My challenge for the month of March is going just okay. Not great. Not bad. Just okay. I think I imagined more. I imagined fun play dates each week with each kid. I imagined ice cream cones and skipping down the street and lots of snuggles and times of doing nothing.
Truth is that life doesn't really roll that way. At least not in our house. I'm honestly having the hardest time being alone with my children outside of our home. Does anyone have this mastered?
I have taken a few trips to the grocery store and instead of asking Aaron to watch all the kids so I could be alone in the grocery store (because we know sometimes that is pure bliss) I have taken one kid along with me. That counts as alone time, but to me it isn't the FUN ALONE TIME I was envisioning.
I am thinking about this a lot, and striving to be intentional with them, but some days life takes over and I realize I never was alone with any of them. There are always 2 or 3 kids around me.
Am I alone here?
How do you do it?
Tonight I was tucking Deacon in and I asked him what his favorite thing to do with mom was. After what seemed like hours of silence where he was thinking and I was surely convinced he could think of nothing that I ever do fun with him, and I was the worst mom ever, and am ruining him for life, he smiled and said he liked the duck place where we get brownies.
I thought for a while and realized he was talking about Quack's, which is a local bakery that we have shopped at before. I asked him if he wanted to go there this week with just him and I and he got the biggest smile on his face. I told him he could get a brownie and I would get a coffee and we could just talk.
He leaned down and gave me a huge hug. It made my day just knowing that he was excited about him and I heading out for a date.
This week at Central Market I pulled Amos aside for a moment and had some snuggles. He is a very affectionate kid, but can sometimes get embarrassed by my affections in public. Any attention kinda embarrasses him. 🙂
I'm still yearning to be intentional with my kids. Aaron has taken some time off and we've had lots of family time, and so that has been so helpful, but I still haven't mastered a system for me being alone with each kid every week. Story & I have it mastered because 3 days a week it's just her and I! We get lots of alone time.
How has your one-on-one time been this month with your kids? Have any great advice for me?
This one isn’t a struggle for me yet since we only have one child. But this blogger: http://johnson-mccormick.com/2011/03/the-first-of-our-first-fridays/ seems to have a really cool approach that I want to keep in mind for the future. I don’t think their alone times happen as frequent as you were hoping, but they are very intentional/special times. 🙂
It’s been good and bad…so just ok. I started out great, I was talking with each child every night by themselves…but now, it’s gotten busy. Like crazy busy. And we haven’t gotten into bed at a reasonable hour and they are exhausted and then we don’t get to talk. UGH! I hear ya. And alone, REALLY? This is crazy. I want to do thing individually with each child. Sigh…I want them to know how important they are to me!!!
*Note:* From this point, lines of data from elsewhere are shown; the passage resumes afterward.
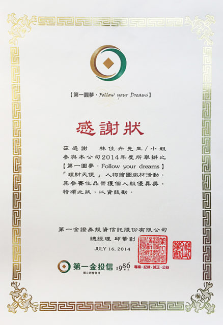 這次競賽中我獲得了個人組的優異獎! 非常謝謝主辦單位《第一金證券投資信託股份有限公司》總經理邱華創給予肯定!
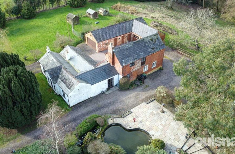 Outside, the property enjoys a beautiful block-paved courtyard surrounded by an extensive range of outbuildings, including multiple garages and useful storage sheds. A sweeping driveway wraps around the home, providing ample offroad parking for numerous vehicles. Beyond, the grounds extend to four acres of mature gardens, featuring a variety of established trees, shrubs, and a large picturesque patio area with fish pond.
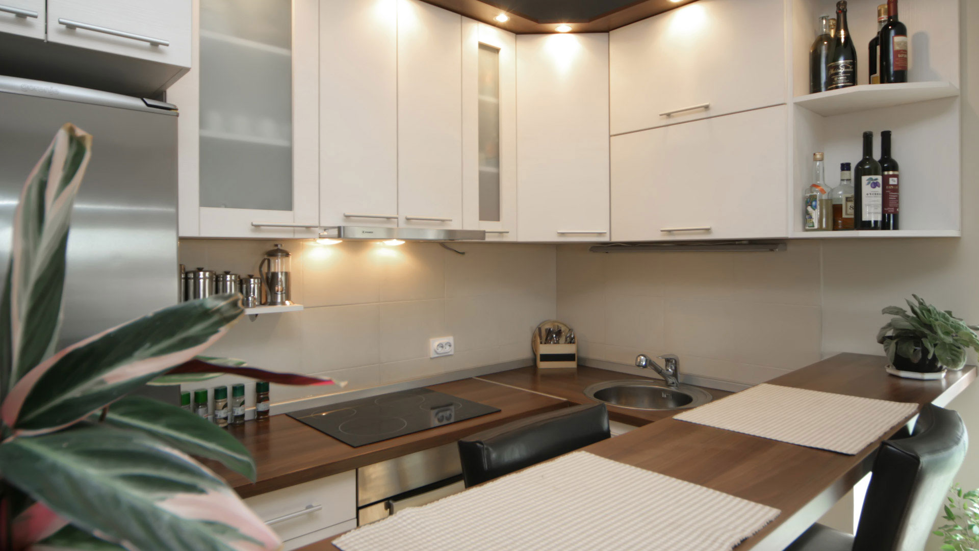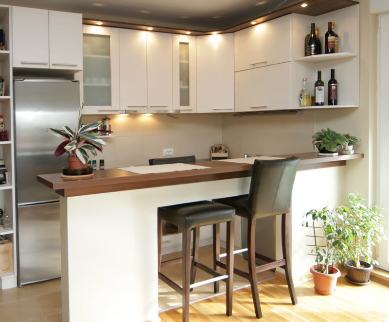 It is always a challenge to use little space cleverly and to achieve function and harmony in design. Kitchen "Hacijenda" makes the right example. With its well-planned setup, white wooden decor with a hint of brown. A bar with chairs, make this kitchen one of the best kitchens for such areas.

I think this is a very difficult challenge! I have four kids as well, and to find that time every week is hard. One thing that my husband and I do is that we try to be more intentional in the seasons of life that are not as demanding. In the Summer, we let a different child stay up 30 minutes to 1 hr later with just us. (Sometimes it is both of us, sometimes it is just me or just my husband) All the boys love it!
We have also seen that in different stages that one child might need more one on one attention than the others. This was a struggle for me at first because I like to be “fair”, but I leaned into it and it has made those times more peaceful for everyone if the one is getting their needs met by individual attention.
I am definitely still trying to figure it out.
I have three kids and alone time with each of them, each week, is not realistic. Instead, I aim for a date with each at least once/mos. My husband, too, spends time alone with them here and there though he doesn’t set a specific goal. In addition to these purposeful dates, I get other bits of alone time with my kids when driving them somewhere, reading at bedtime, helping with school work, etc. And these times are meaningful too.
This is a tough one for me too. I only have two kids at the moment, but with my husband gone much of the time…it often feels challenging since it’s usually me and them. We do the simple trips to the store, or letting one of them stay up later than their sibling. I’m also going to try working on a little mommy and me scrapbook with them on those “late” nights. Hoping it will draw out intentional conversations as well preserve some precious memories! Be encouraged–your kids know you love and care for each of them in a special way, because of the little things you do for them and with them–like going to the bakery with Deacon! Simple, but so special to him!